Question

Out of the following how many have Xe in $s{p}^{3}d$ hybridization? $Xe{F}_2,Xe{F}_4,Xe{F}_6,XeO{F}_2,Xe{O}_3$ ?

Answer 1

$Xe$ has an electronic configuration of $5s^{2}5p^6$
In $Xe{F}_2$, there are two bonding pairs and three lone pairs of electrons. So acc. to VSEPR theory, the structure would be trigonal bypyramidal to avoid electron pair repulsions.$\left(s{p}^{3}d\right)$
In $Xe{F}_4$, the structure would be square planar. There are four pairs of bonding electrons and two lone pairs in the molecule.

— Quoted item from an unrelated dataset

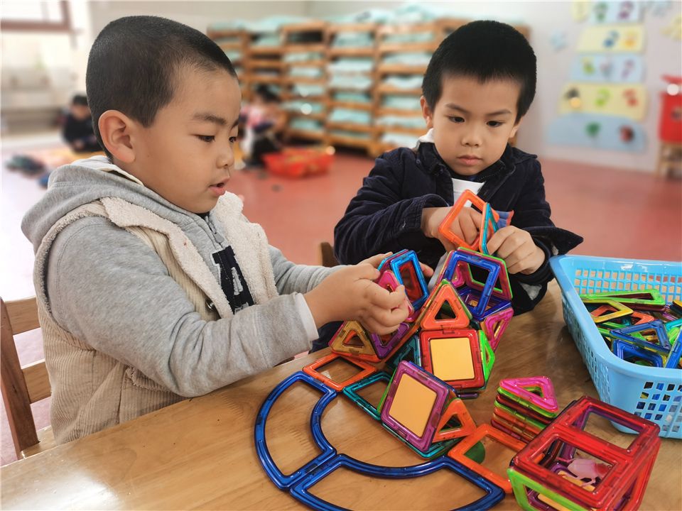 这是一次游戏中,孩子们在科学区玩磁铁玩具时的对话,引起了大家的注意。磁铁可以吸住什么?它有没有不能吸住的东西呢?一块磁铁的磁力到底有多大?它还藏着哪些秘密?带着诸多疑问,一场关于磁铁的探索之旅便开始了……

The hybridisation would be $s{p}^3{d}^2$
$Xe{F}_6$ has a pentagonal bipyramidal geometry due to $s{p}^3{d}^3$ hybridization. One trans position is occupied by a lone pair giving a distorted octahedral shape.

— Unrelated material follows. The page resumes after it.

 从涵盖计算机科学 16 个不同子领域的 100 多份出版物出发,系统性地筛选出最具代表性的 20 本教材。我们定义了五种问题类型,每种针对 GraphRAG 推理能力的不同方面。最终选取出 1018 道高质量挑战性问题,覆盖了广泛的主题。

$XeO{F}_2$ has a trigonal bipyramidal geometry due to $s{p}^{3}d$ hybridization. Two equatorial positions are occupied by lone pairs of electrons giving a Tshape to molecule.
$XeO{F}_4$ has a octahedral geometry due to $s{p}^3{d}^2$ hybridization. One trans position is occupied by a lone pair giving pyramid shape to the molecule.
Thus $XeO{F}_2$ & $Xe{F}_2$ have $s{p}^{3}d$ hybridization.